Problem requirements ->
Starting with the line that contains "10 Bocados arroz", copy each line exactly through the end of the listing, and omit all pictures.

Data shown ->
-------
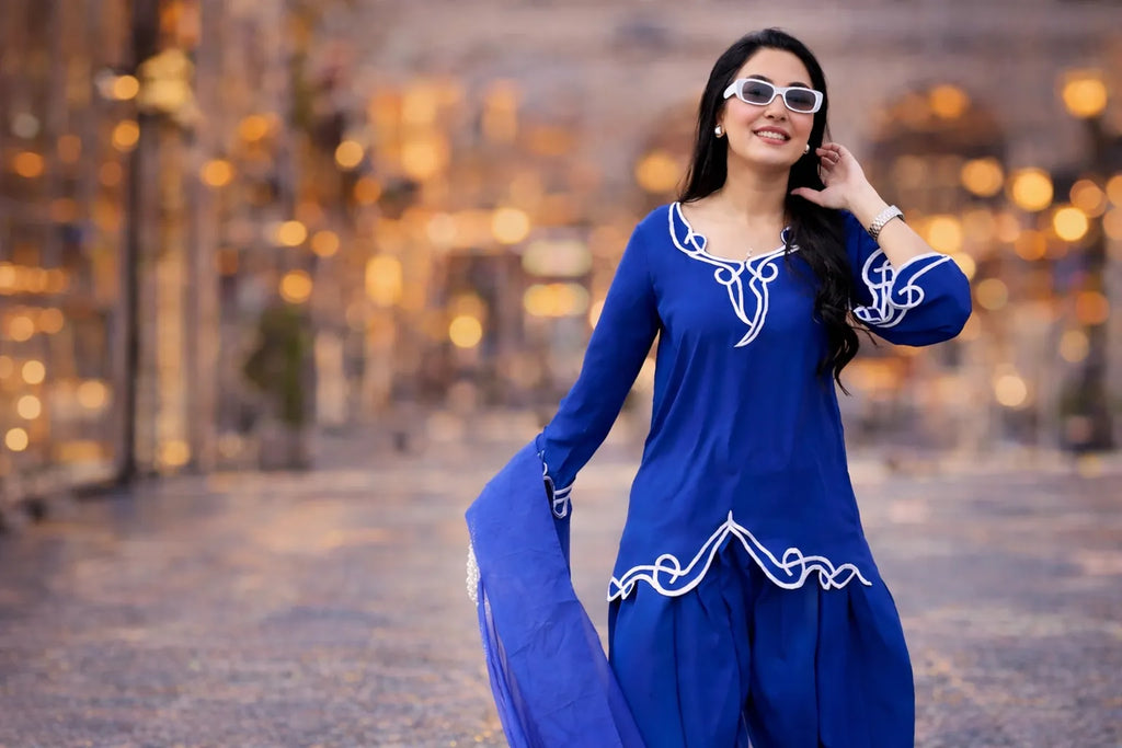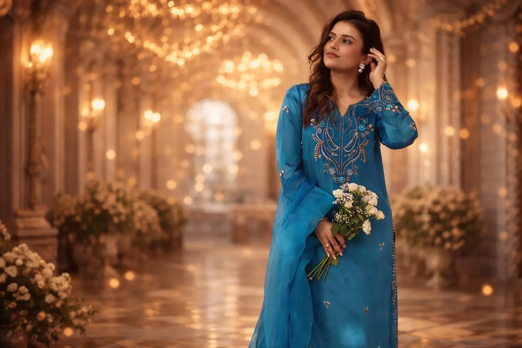 This year, less is more. Designers are moving away from heavy embellishments and focusing on subtle embroidery and fine detailing. Simple threadwork, tone-on-tone textures, and clean silhouettes are trending. These pieces are versatile enough for brunches, formal dinners, or small celebrations.
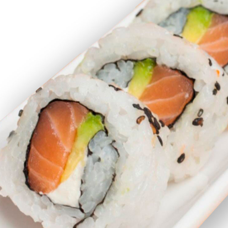 10 Bocados arroz de sushi queso crema, salmón fresco, aguacate y topping de ajonjolí.
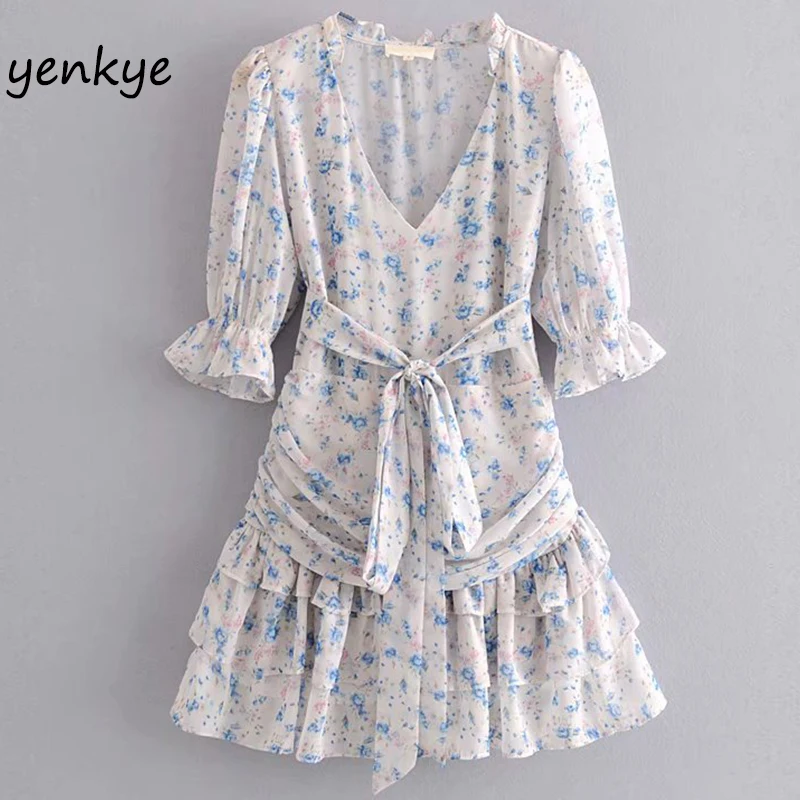 Милое нарядное платье с цветочным принтом, женское платье с v-образным вырезом и рукавом-бабочкой, многослойное ТРАПЕЦИЕВИДНОЕ мини-платье ...
-------
Written reply ->
 10 Bocados arroz de sushi queso crema, salmón fresco, aguacate y topping de ajonjolí.
 Милое нарядное платье с цветочным принтом, женское платье с v-образным вырезом и рукавом-бабочкой, многослойное ТРАПЕЦИЕВИДНОЕ мини-платье ...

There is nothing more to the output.